1920 × 1080 simplifies to 16:9

What is an aspect ratio calculator?

An aspect ratio calculator helps you work with proportional dimensions quickly and accurately. Whether you are cropping a photograph, configuring a video export, setting CSS on an embedded player, or specifying artboard sizes in a design tool, knowing the exact ratio — and being able to scale it to any size — saves time and prevents distortion.

Two modes in one tool

  • Simplify ratio — enter any width and height (e.g. 1920 × 1080) and the tool reduces the pair to its lowest terms using the greatest common divisor, giving you the canonical ratio (16:9 in this example).
  • Scale to dimension — enter a target ratio and one known dimension (width or height) to calculate the missing value. Perfect for resizing assets while preserving proportions.

Common aspect ratios

The most widespread ratios today are 16:9 (HD and 4K video, most monitors), 4:3 (legacy screens and many tablet cameras), 1:1 (square social media posts), and 9:16 (vertical short-form video). Cinema uses ratios like 2.35:1 (anamorphic widescreen) and 1.85:1 (flat widescreen).

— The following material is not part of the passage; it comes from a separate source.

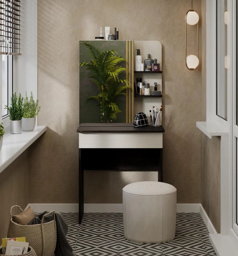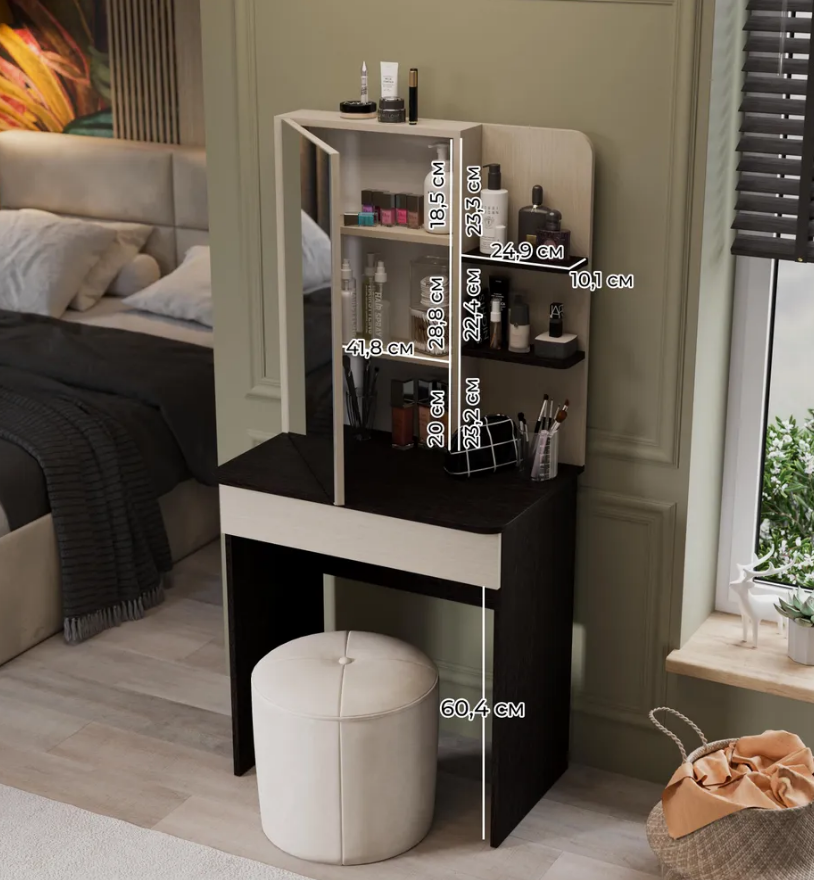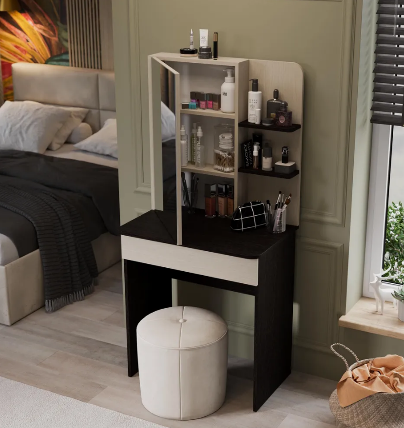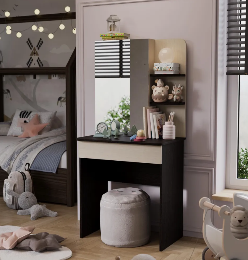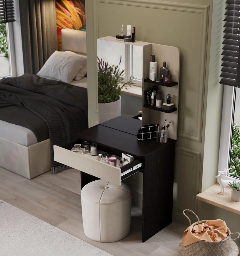 • Каркас новинки выполнен из прочной ламинированной древесно-стружечной плиты, обработанной кромкой ПВХ, которая устойчива к сколам и механическим повреждениями и сохраняет свой первоначальный цвет даже под воздействием солнца. При этом материалы экологически безопасны и соответствуют высоким стандартам качества. • В туалетном столике «Майя» есть приятное дополнение. За зеркалом имеются дополнительные скрытые полки для хранения, которые спасут столик от загромождённости и освободят место для предметов декора.

Runs entirely in your browser

All calculations happen client-side using pure arithmetic — no images are uploaded, no data leaves your device. The tool works offline once the page is loaded.

Frequently Asked Questions

What is an aspect ratio?

An aspect ratio expresses the proportional relationship between a rectangle's width and height, written as W:H. For example, a 1920×1080 screen has an aspect ratio of 16:9 because dividing both numbers by their greatest common divisor (120) gives 16 and 9. Aspect ratios are used everywhere from video production and photography to responsive web design and screen specifications.

How do I find the missing dimension for a given ratio?

Switch to the "Scale to dimension" tab, enter the target ratio (e.g. 16 and 9), then type either a width or a height. The calculator instantly computes the other value by multiplying or dividing by the ratio. This is useful when resizing images or setting iframe dimensions without distorting the original proportions.

Why does my ratio not simplify to what I expected?

The simplification uses integer GCD reduction after rounding your inputs to the nearest whole pixel. Non-standard resolutions — such as 2560×1080 (ultrawide) — reduce to ratios like 64:27 rather than the commonly advertised 21:9, because 21:9 is a marketing approximation. The calculator shows the mathematically exact simplified form.